## Aim of the task
Repeat, exactly and in full, the lines of the listing below, but without any pictures.

## The data
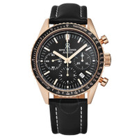 Rose gold-tone stainless steel case with a black leather strap. Uni-directional rotating rose gold-tone bezel with an inlaid black ring showing tachymeter markings. Black dial with luminous rose gold-tone hands and index hour markers. Arabic numeral minute markers (at 5 minute intervals). Minute markers around the outer rim. Dial Type: Analog. Luminescent hands and markers. Date display between the 4 and 5 o'clock positions. Chronograph - three sub-dials displaying: 60 second, 30 minute and 12 hour. Sellita calibre SW510A automatic movement, based upon Sellita SW500-1, containing 27 Jewels, bitting at 28800 vph, and has a power reserve of approximately 48 hours. Scratch resistant sapphire crystal. Pull / push crown. Transparent case back. Round case shape. Case size: 42 mm. Case thickness: 15 mm. Band width: 22 mm. Band length: 8 inches. Tang clasp. Water resistant at 50 meters / 165 feet. Functions: chronograph, tachymeter, date, hour, minute, second. Aviator Series. Sport watch style. Watch label: Swiss Made. Revue Thommen Aviator Chronograph Automatic Black Dial Men's Watch 17000.6567. INFORMATION Brand: Revue Thommen Series: Aviator Collection Name: Aviator Gender: Mens Model: 17000.6567 Watch Label: Swiss Made Movement: Automatic Engine: Sellita Calibre SW510A Power Reserve: 48 hours CASE Case Size: 42 mm Case Thickness: 15 mm Case Material: Stainless Steel Case Shape: Round Case Back: Transparent BAND Band Material: Leather Band Type: Strap Band Color: Black Band Length: 8 inches Band Width: 22 mm Clasp: Tang DIAL Dial Color: Black Type: Analog Crystal: Scratch Resistant Sapphire Hands: Luminous Rose Gold-tone Dial Markers: Index Second Markers: Arabic Numeral Minute Markers (at 5 minute intervals). Minute Markers around the outer rim Sub Dials: Three - 60 Second, 30 Minute and 12 Hour Luminiscence: Hands and Markers Bezel: Uni-directional Rotating Bezel Color: Rose Gold-tone Bezel Material: Stainless Steel with an inlaid Black Ring showing Tachymeter Markings Crown: Pull / Push FEATURES Water Resistance: 50 meters / 165 feet Calendar: Date display between the 4 and 5 o'clock positions Functions: Chronograph, Tachymeter, Date, Hour, Minute, Second Watch Features: Chronograph, Stainless Steel, Leather, Gold, Analog ADDITIONAL INFO Watch Style: Sport Warranty: 2 Year Jomashop Warranty Jomashop Sku: Y-106073 Department: Watches Category: Watches
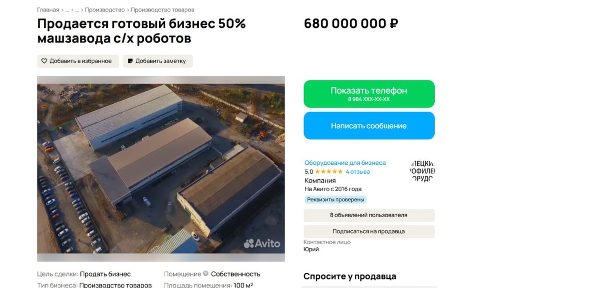 ». Доля 50% в предприятии по производству сельскохозяйственных роботов выставлена на продажу в Липецке. Стоимость объекта — 680 млн рублей, продавцом выступает «Липецкий завод профилегибочного оборудования» (ООО «ЛЗПО»). В объявлении утверждается, что прототипы сельскохозяйственных роботов, планируемых к производству на заводе, уже разработаны и протестированы. Также, по заявлению продавца, на предприятии планируется модернизация, которая позволит достичь выпуска продукции на сумму около 3,5 млрд рублей с потенциалом роста. Предполагаемые рынки сбыта включают Россию, Белоруссию, Казахстан и Иран. ООО «ЛЗПО» демонстрирует низкую финансовую активность — по данным Rusprofile, в 2024 г. компания не получила ни выручки, ни прибыли. В 2021 г. выручка составляла 75 млн руб., а убыток — 3,3 млн руб. ПроТрактор | Сельхозтехника
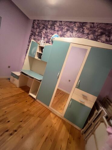 Geniş dolab, paltar və əşyalarınızı səliqəli şəkildə saxlamaq üçün ideal seçimdir. Dolabın mərkəzində güzgü quraşdırılıb. Dolab iki ədəd çekmeceye sahibdir.

## Solution
 Rose gold-tone stainless steel case with a black leather strap. Uni-directional rotating rose gold-tone bezel with an inlaid black ring showing tachymeter markings. Black dial with luminous rose gold-tone hands and index hour markers. Arabic numeral minute markers (at 5 minute intervals). Minute markers around the outer rim. Dial Type: Analog. Luminescent hands and markers. Date display between the 4 and 5 o'clock positions. Chronograph - three sub-dials displaying: 60 second, 30 minute and 12 hour. Sellita calibre SW510A automatic movement, based upon Sellita SW500-1, containing 27 Jewels, bitting at 28800 vph, and has a power reserve of approximately 48 hours. Scratch resistant sapphire crystal. Pull / push crown. Transparent case back. Round case shape. Case size: 42 mm. Case thickness: 15 mm. Band width: 22 mm. Band length: 8 inches. Tang clasp. Water resistant at 50 meters / 165 feet. Functions: chronograph, tachymeter, date, hour, minute, second. Aviator Series. Sport watch style. Watch label: Swiss Made. Revue Thommen Aviator Chronograph Automatic Black Dial Men's Watch 17000.6567. INFORMATION Brand: Revue Thommen Series: Aviator Collection Name: Aviator Gender: Mens Model: 17000.6567 Watch Label: Swiss Made Movement: Automatic Engine: Sellita Calibre SW510A Power Reserve: 48 hours CASE Case Size: 42 mm Case Thickness: 15 mm Case Material: Stainless Steel Case Shape: Round Case Back: Transparent BAND Band Material: Leather Band Type: Strap Band Color: Black Band Length: 8 inches Band Width: 22 mm Clasp: Tang DIAL Dial Color: Black Type: Analog Crystal: Scratch Resistant Sapphire Hands: Luminous Rose Gold-tone Dial Markers: Index Second Markers: Arabic Numeral Minute Markers (at 5 minute intervals). Minute Markers around the outer rim Sub Dials: Three - 60 Second, 30 Minute and 12 Hour Luminiscence: Hands and Markers Bezel: Uni-directional Rotating Bezel Color: Rose Gold-tone Bezel Material: Stainless Steel with an inlaid Black Ring showing Tachymeter Markings Crown: Pull / Push FEATURES Water Resistance: 50 meters / 165 feet Calendar: Date display between the 4 and 5 o'clock positions Functions: Chronograph, Tachymeter, Date, Hour, Minute, Second Watch Features: Chronograph, Stainless Steel, Leather, Gold, Analog ADDITIONAL INFO Watch Style: Sport Warranty: 2 Year Jomashop Warranty Jomashop Sku: Y-106073 Department: Watches Category: Watches
 ». Доля 50% в предприятии по производству сельскохозяйственных роботов выставлена на продажу в Липецке. Стоимость объекта — 680 млн рублей, продавцом выступает «Липецкий завод профилегибочного оборудования» (ООО «ЛЗПО»). В объявлении утверждается, что прототипы сельскохозяйственных роботов, планируемых к производству на заводе, уже разработаны и протестированы. Также, по заявлению продавца, на предприятии планируется модернизация, которая позволит достичь выпуска продукции на сумму около 3,5 млрд рублей с потенциалом роста. Предполагаемые рынки сбыта включают Россию, Белоруссию, Казахстан и Иран. ООО «ЛЗПО» демонстрирует низкую финансовую активность — по данным Rusprofile, в 2024 г. компания не получила ни выручки, ни прибыли. В 2021 г. выручка составляла 75 млн руб., а убыток — 3,3 млн руб. ПроТрактор | Сельхозтехника
 Geniş dolab, paltar və əşyalarınızı səliqəli şəkildə saxlamaq üçün ideal seçimdir. Dolabın mərkəzində güzgü quraşdırılıb. Dolab iki ədəd çekmeceye sahibdir.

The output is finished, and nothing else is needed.